While many questions and uncertainties remain unanswered in the NFT space, a tax professional can help taxpayers take advantage of these uncertainties through tax planning. Consider the following examples:
Example 1: A Washington-based concert hall generates approximately $10 million in annual sales. It is subject to a B&O tax under the “Service & other activities” classification and is taxed at 1.75%. Its annual B&O tax liability is calculated to be $175,000. For sales tax purposes, ticket sales are subject to sales tax.
Example 2: Same facts as Example 1 except that the company’s sales are now exclusively sold via a bundled NFT package that includes ownership of a digital code (digital music) plus one admission to a concert performance. The $10 million in NFT package sales are taxed under the “Retailing” classification at .471%. The annual B&O tax liability is calculated to be $47,100. By implementing NFT technology into the business, the taxpayer will save $127,900 for the taxable year. For sales tax purposes, NFT sales are subject to sales tax as taxable digital goods.
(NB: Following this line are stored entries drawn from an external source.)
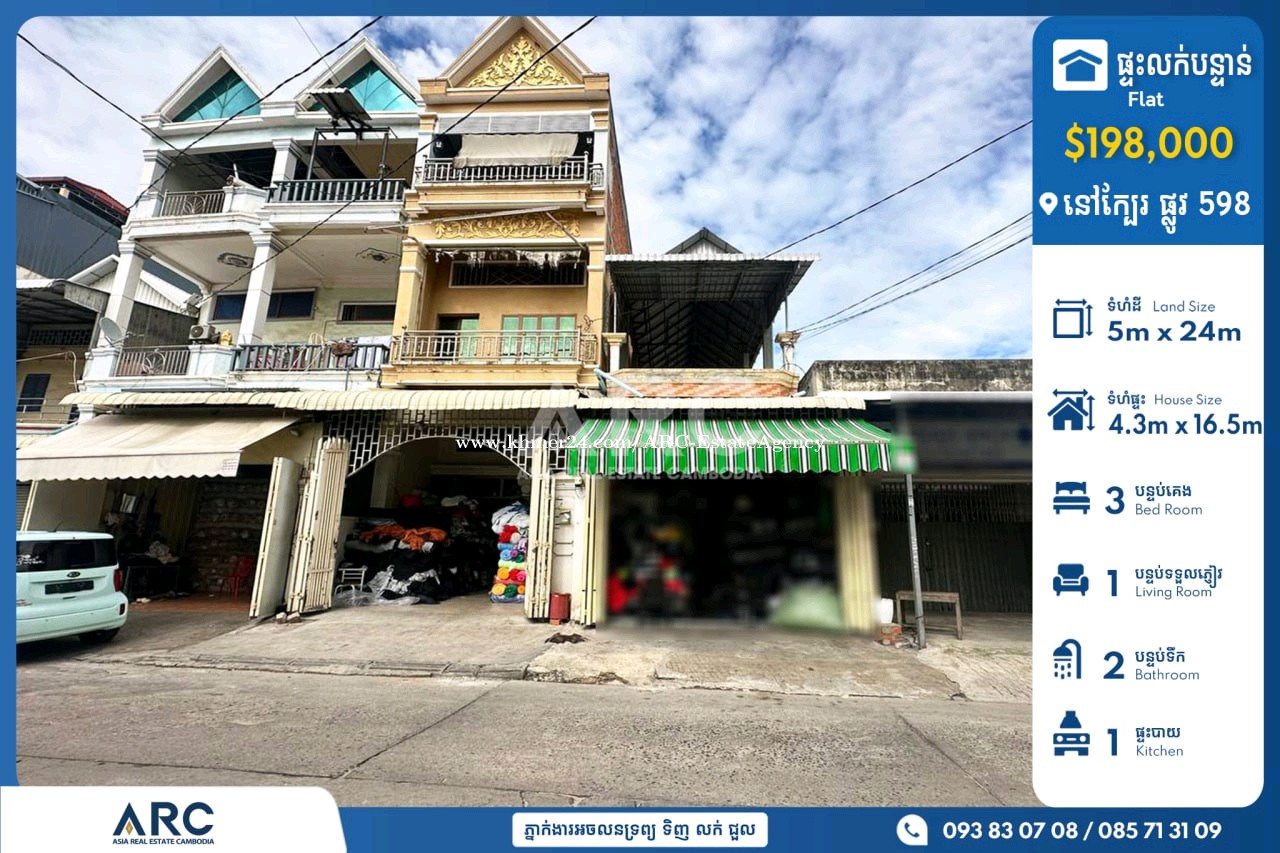 #ផ្ទះអាជីវកម្មដាក់លក់បន្ទាន់នៅក្បែរកាំកូសុីធីផ្លូវ598 🔹 តម្លៃលក់ក្រោមទីផ្សារ : $198,000 (ចរចាម្ចាស់ផ្ទាល់) 🔹 កាត់ឈ្មោះប្លង់រឹងជូន 🔹 ទំហំដី : 5m x 24m 🔹 ទំហំផ្ទះ : 4.3m x 16.5m 🔹 បន្ទប់គេង : 03 បន្ទប់ទឹក : 02 📍 ទីតាំងសង្កាត់ទួលសង្កែទី២ ,ខណ្ឌឬស្សីកែវ ,រាជធានីភ្នំពេញ សម្រាប់ពត៏មានលម្អិតសូមទំនាក់ទំនងមកក្រុមការងារ 085713xxxClick To Call / 093830xxxClick To Call / 0978899xxxClick To Call Chat to Telegram Agent https://t.me/sonsela14 Channel Telegram https://t.me/ARCKhanResseykeo 👉 អាជ្ញាប័ណ្ណ៖ EV-08-069
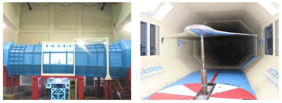 The wind tunnel experiments were carried out in the FL-8 3.5 m × 2.5 m low speed closed circuit wind tunnel of the Aviation Industry Corporation of China (AVIC) Aerodynamics Research Institute (ARI) in Harbin (see Figure 14). The FL-8 wind tunnel is equipped with an octagonal form test section, and the flow-field quality within the test section is able to reach up to 0.0001 drag measurement accuracy. For this test, atmospheric conditions were measured at wind tunnel location (ρ = 1.20978 kg/m3, μ = 1.7853 × 10−5 Pa s, T = 14.8 ℃ and p = 99 kPa). Stainless steel was used to manufacture the scale model [24] of the designed BWB configuration in portion with 1: 1.8, and the test velocity was fixed at 68 m/s, which corresponds to a Reynolds number equal to 2.0 × 106.
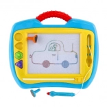 Magnetická tabuľka je skvelou alternatívou k papieru – deti môžu kresliť znova a znova, bez fixiek a bez škvŕn. Vďaka praktickej posuvnej gumičke/jazdcu sa obrázok jednoducho zmaže a priestor je pripravený na nové dielo. Odolné plastové prevedenie s držadlom uľahčuje prenášanie.
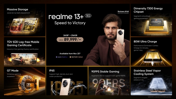 realme, the trailblazing smartphone brand, is thrilled to announce the launch of its latest innovation, the realme 13+ 5G, in Pakistan on November 25, 2024. Endorsed by Shaheen Shah Afridi, Pakistan’s cricketing sensation and fastest pacer, the realme 13+ 5G sets a new benchmark in smartphone performance, proudly equipped with the Dimensity 7300E processor, the fastest in its segment under PKR 100,000.
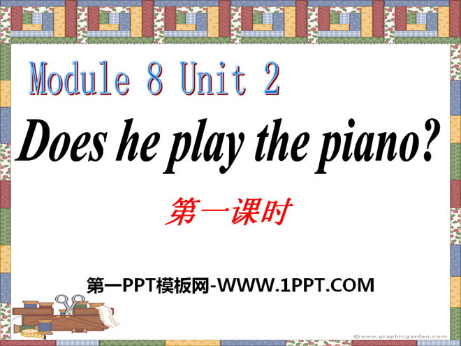 关键词:《Does he play the piano?》教学课件,外研版一起点二年级上册英语课件,二年级英语幻灯片课件下载,《Does he play the piano?》PPT课件下载,.ppt格式
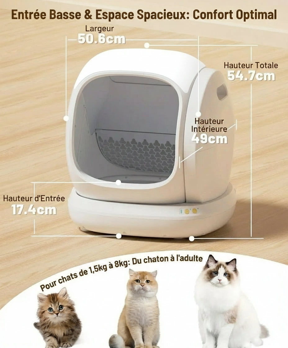 - Capacité du bac à déchets : 9 litres — Plusieurs jours d'autonomie pour un chat.
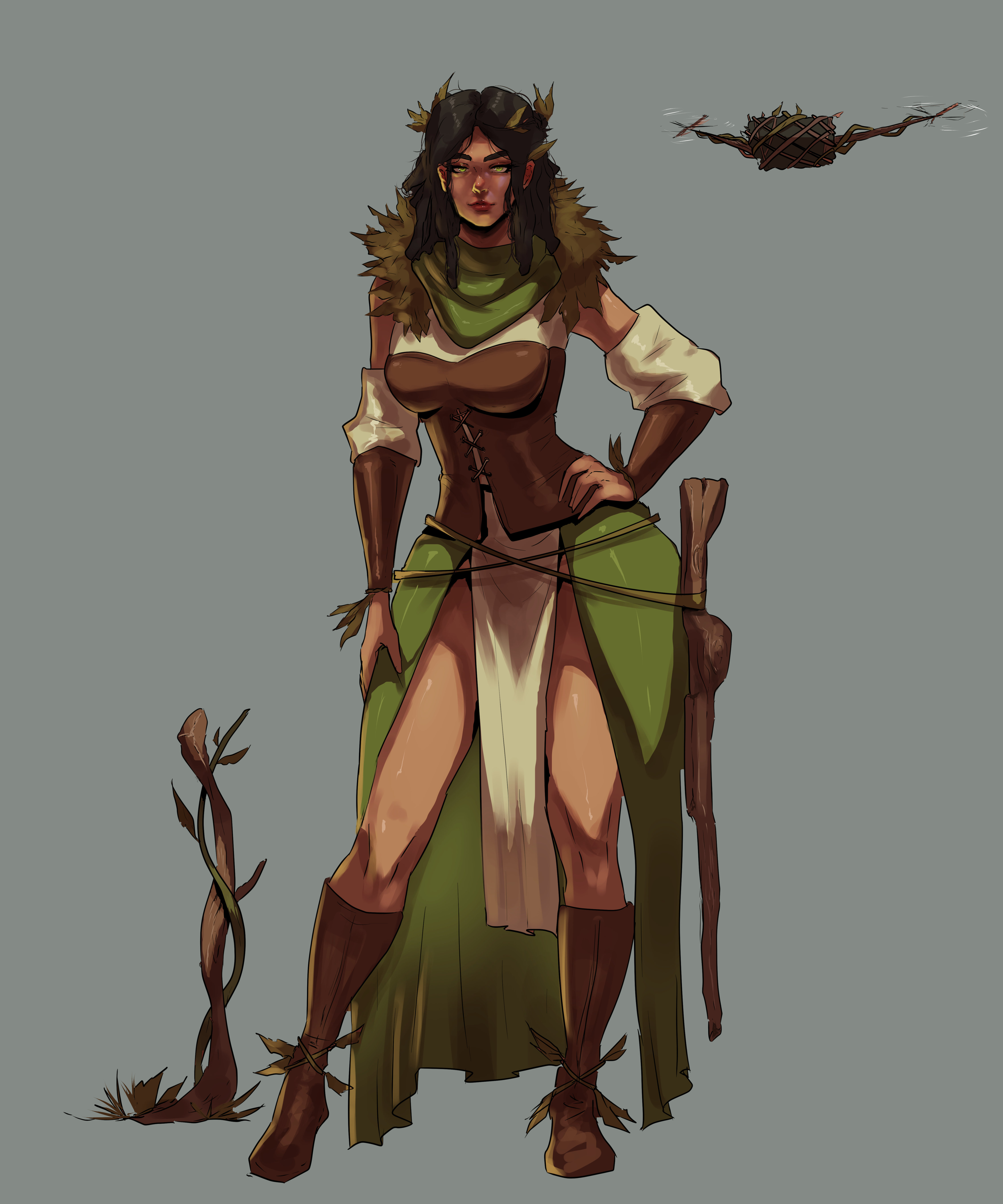 Kaelen is a skilled fighter and adept in various forms of combat. She specializes in a unique blend of traditional tribal fighting techniques and magical abilities. Her affinity for nature allows her to harness the power of the wild, using elemental magic to manipulate plants, bones, and the environment to her advantage. Usually carrying seamless branches and seeds that she manipulates shaping them to use as modern weapons, like guns, armor, shields, and even drones, giving plants a mechanic like appearance though they are undistinguishably made of wood and more fragile than a metallic counterpart. She is able to manipulate partially things made form plants or animals without any extra processing giving her the abilities to use or manipulates certain objects, like re-weaving clothes or make a rope tie itself.
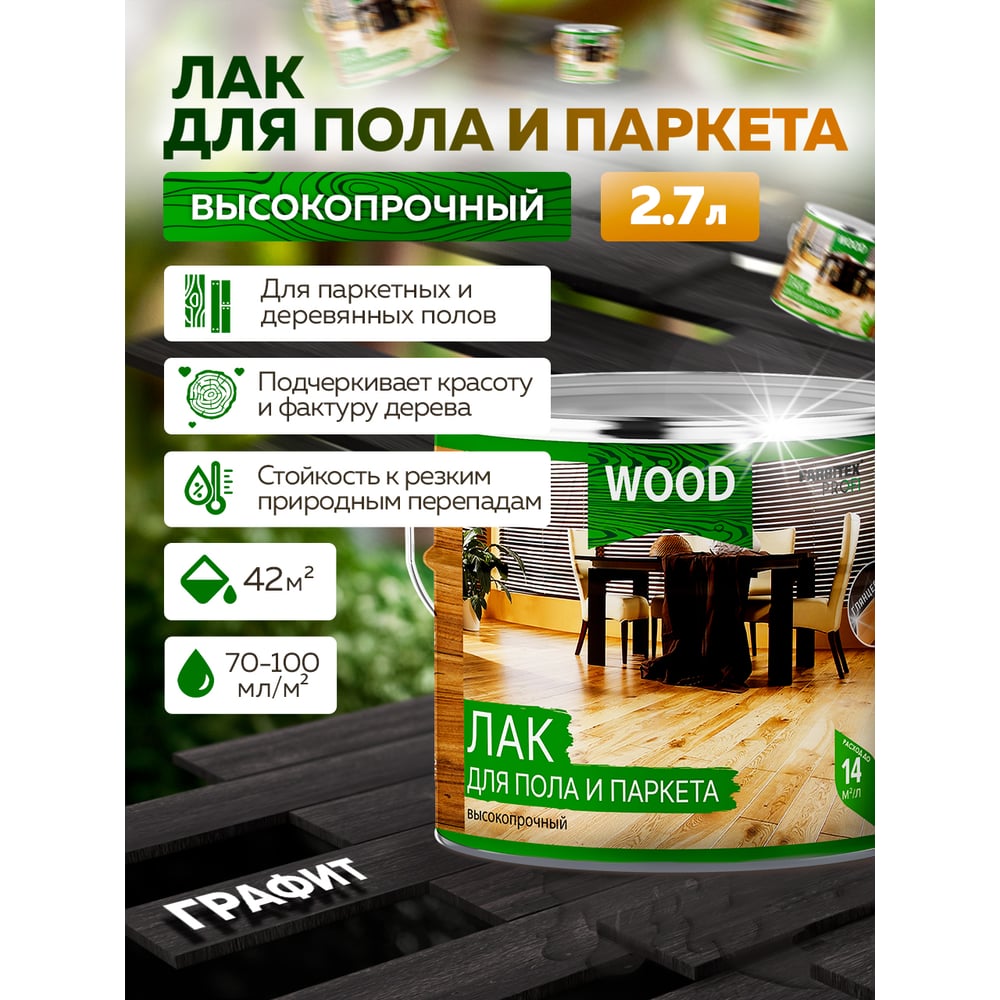 Лак для пола и паркета FARBITEX (высокопрочный; графит; 2,7 л) 4300009381

Example 3: Same facts as Example 2 except that 10% of the NFT package sales ($1 million) occur at a cryptocurrency convention held in Las Vegas. Because the B&O tax is calculated using market sourcing rules, a bifurcation between the NFT and the admission tickets should be done to estimate the portion attributable to Washington. Assuming the admission ticket is estimated at 70% of the NFT package sales price, 30% will be sourced outside Washington (where the NFT package sales took place). The annual B&O tax liability is calculated to be $45,687. Additionally, following Washington’s interim guidance, the sales transactions in Nevada will neither be subject to Washington sales tax nor Nevada sales tax, as Nevada does not tax digital goods.
Example 4: To promote its business during a cryptocurrency conference, a Seattle-based hotel offers NFT packages for sale. The NFT package is marketed as a limited-edition digital goods collectible but also confers a 3-night hotel accommodation, daily meal benefits, admission to special events, and a 20% discount on all future hotel stays, including meals, good for two years. Given the number of offerings in the NFT package, the transaction’s taxability is unclear. Should the transaction be taxed as the sale of a digital good or under the Seattle hotel tax rate? If the purchaser resides outside Seattle and purchases the NFT remotely, should the customer’s local rate apply? While the answer is unclear, an experienced tax advisor can assess the potential risks of taking various tax positions. Under the right set of facts, it may be possible that the transaction will be assessed a lower tax than had each element of the transaction been sold separately.
The examples above illustrate how NFT adoption can result in tax savings for a business. NFT adoption can also result in tax savings for consumers, which may give companies adopting such technology a competitive market advantage. There are many other instances where proper, well-planned NFT adoption can result in significant tax savings for a business or its consumers. These opportunities may also expand beyond state and local income and sales/use taxes into state excise taxes, gross receipts taxes, income/franchise taxes, local taxes, Value Added Tax (VAT), and others. While taxpayers should be aware of the uncertainty in the NFT space, prudent tax planning can result in material tax savings.